Но вместо улыбающегося лица Кирилла появляется чужое – злое, бородатое. Воспаленные веки прикрывают красноту глаз, зрачки расширены, в самой глубине мелькает страх. Чего он боится? Может, с ней что-то не так?
Женщина пытается пошевелиться, но ей удается лишь повернуть голову. Это явно не пляж, не берег моря…Все вокруг темное, мрачное. Как в подземелье. Где она?
– Оля, Оля, – губы мужчины в отросшей щетине шевелятся, – очнись.
Откуда-то появляется кружка, мужчина приподнимает ей голову, подносит кружку к губам. В кружке теплый чай. Сладкий. С каким-то знакомым запахом. Мята? Нет, липа. В детстве бабушка её поила липовым цветом при кашле. А еще добавляла мед. Бабушка, бабушка…

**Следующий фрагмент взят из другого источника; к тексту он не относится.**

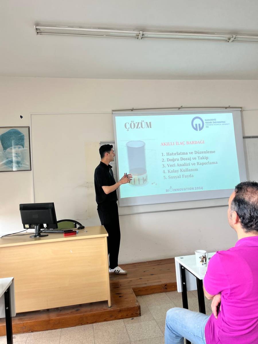 Our second-year student Harun Balkaya delivered a presentation in our department on his “Smart Medication Tracking System and Smart Medication Cup for Elderly Patients” project. In his talk, he discussed the project idea, how the application to Bioinovation was submitted, and the overall project process.
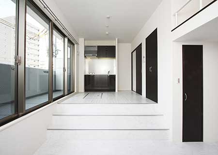 こちらのマンションは、「レオンコンフォート」マンションシリーズで、お施主様の理念の「入居者には誇りを感じていただきたい」の通り、非常に高級感のただようマンションとなりました。ルネス工法によって、様々なタイプの1ルームのお部屋があり、DEN(書斎)の部屋や、ダイニングとリビングにスキップフロアのあるお部屋などが特徴的です。特に9階の1LDKのお部屋には、リゾートホテルを思わせるようなバスで、優雅さや高級感があります。

После чаю в голове стало проясняться. Видения морского берега растворились, на смену им поползли жуткие воспоминания вчерашнего происшествия. Геля, Семен, щенки, выстрелы, ледяная купель. Какой ужас! А почему она лежит? Ночь? Тогда зачем Семен поит её как маленькую? И почему так трудно дышать?
Снова появился Семен. В руках шприц. Расстегивает спальник, поворачивает её на бок и всаживает иглу в бедро. Ольге больно, будто кожу стеклышком режут.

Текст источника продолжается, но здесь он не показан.